Here is a brief exploration of the numbers of gold medals won by all of the different countries in the 2012 Olympics.
I begin by reading in the dataset that I previously created and published using Google spreadsheet. Here I have downloaded the file in csv format and saved the file in a folder “markdown”. I create a new Project in RStudio which will read files from the “markdown” folder.
olympics = read.csv("Olympics Medals 2012.csv")

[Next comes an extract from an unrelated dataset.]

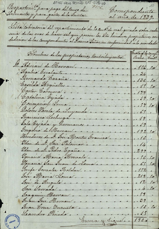 Lista cobratoria para el pago del censo de Salmantón y de 50 céntimos de real por cada era de sal para gastos de junta entre los miembros de la Comunidad de Herederos de las salinas de Añana, correspondiente al año 1889

To make sure I've read in the dataset correctly, I'll display the first few lines of the data frame.
head(olympics)
## Country Gold Silver Bronze Total
## 1 United States (USA) 46 29 29 104
## 2 China (CHN) 38 27 23 88
## 3 Great Britain (GBR)* 29 17 19 65
## 4 Russia (RUS) 24 26 32 82
## 5 South Korea (KOR) 13 8 7 28
## 6 Germany (GER) 11 19 14 44
I am going to focus on the variable Gold that contains the number of gold medals for all countries.

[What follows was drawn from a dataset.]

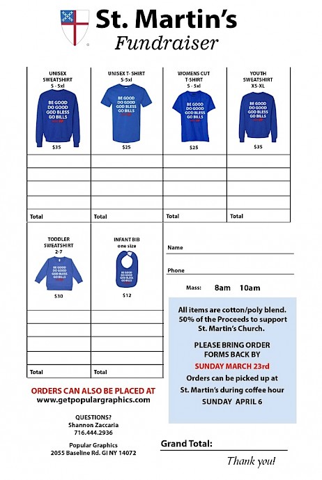 Hey St. Martin's! It's safe to say we're all pretty proud of our MVP, Josh Allen! So here's your chance to flaunt it. Our own Shannon Zaccaria has created some fabulous attire highlighting Josh's MVP speech quote, "Be good, do good, God bless, and Go Bills". Order sheets are available at church but you can also order on Shannon's website at www.getpopulargraphics.com. Orders are due by March 23. Any questions, contact Shannon at 716-444-2936.

I load in the LearnEDA page.
library(LearnEDA)
## Loading required package: aplpack
## Loading required package: tcltk
## Loading Tcl/Tk interface ...
## done
## Loading required package: vcd
## Loading required package: MASS
## Loading required package: grid
## Loading required package: colorspace
## Attaching package: 'LearnEDA'
## The following object(s) are masked from 'package:MASS':
##
## farms
I'll first construst a stemplot of the gold medal counts.
stem.leaf(olympics$Gold)
## 1 | 2: represents 1.2
## leaf unit: 0.1
## n: 85
## 31 0* | 0000000000000000000000000000000
## 0. |
## (19) 1* | 0000000000000000000
## 1. |
## 35 2* | 0000000000
## 2. |
## 25 3* | 00000
## 3. |
## 20 4* | 0000
## 4. |
## 16 5* | 0
## 5. |
## 15 6* | 000
## 6. |
## 12 7* | 000
## HI: 8 8 11 11 13 24 29 38 46
It seems that most countries have small numbers of gold medals and there are few countries (like China and the U.S.) that have high numbers. This is not a particularly effective graph and we'll learn about ways of transforming the counts to make the display easier to read.

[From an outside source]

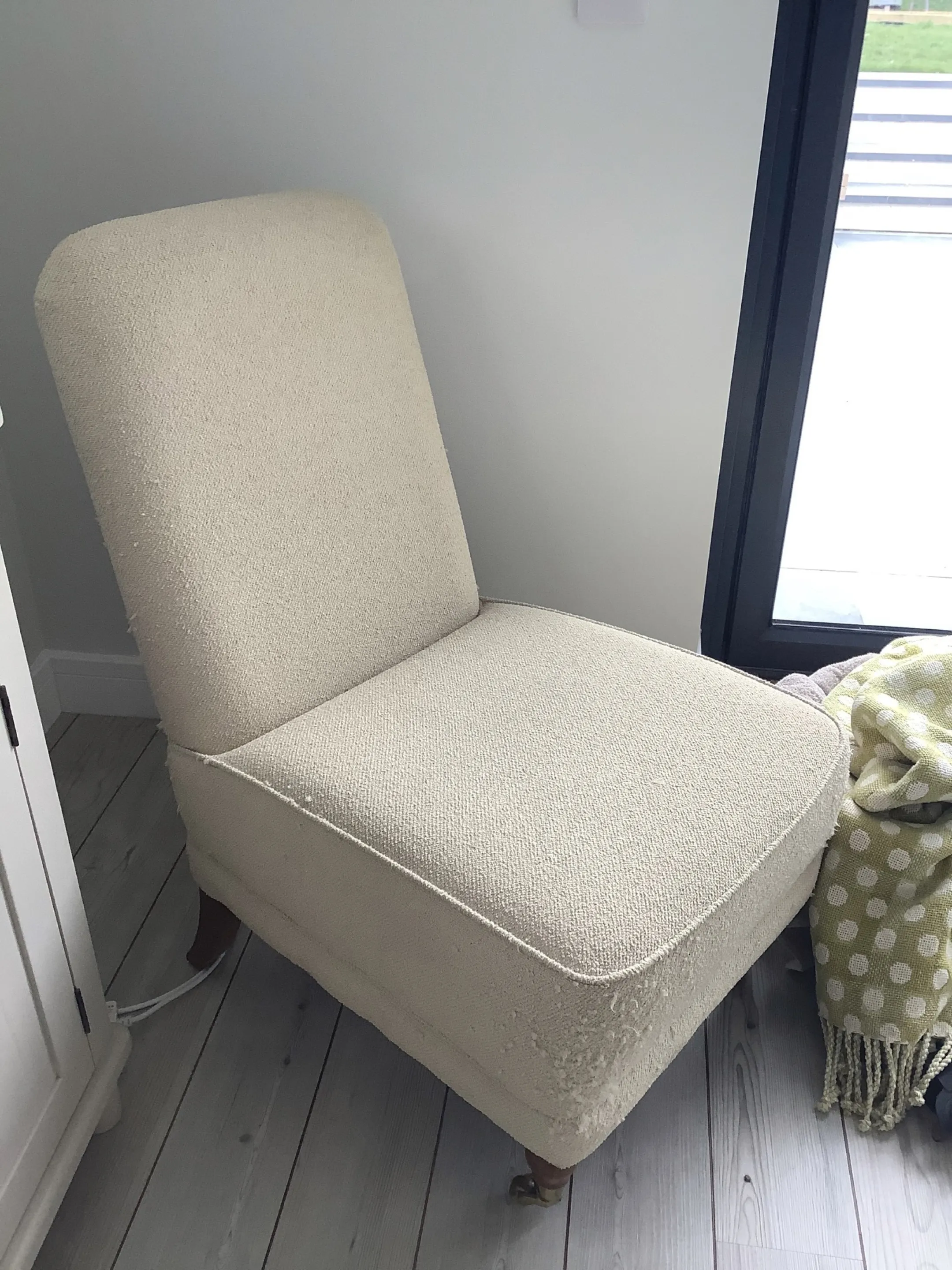 This small nursing chair has undergone a simple strip and recovery, structurally it was in good condition so all we needed to do was replace the original fabric. The print has been positioned down the centre back which complements the shape of the chair wonderfully.

One could construct a histogram, but it gives the same general impression of the distribution of the gold medal counts.
hist(olympics$Gold)
We'll talk about finding a five number summary of these counts. The individual summaries are called letter values.
lval(olympics$Gold)
## depth lo hi mids spreads
## M 43.0 1 1.0 1.00 0.0
## H 22.0 0 3.0 1.50 3.0
## E 11.5 0 7.0 3.50 7.0
## D 6.0 0 11.0 5.50 11.0
## C 3.5 0 26.5 13.25 26.5
## B 2.0 0 38.0 19.00 38.0
## A 1.0 0 46.0 23.00 46.0
This tells us that the median number of gold medals won was 1, half of the gold medal counts are between 0 and 3, and so on.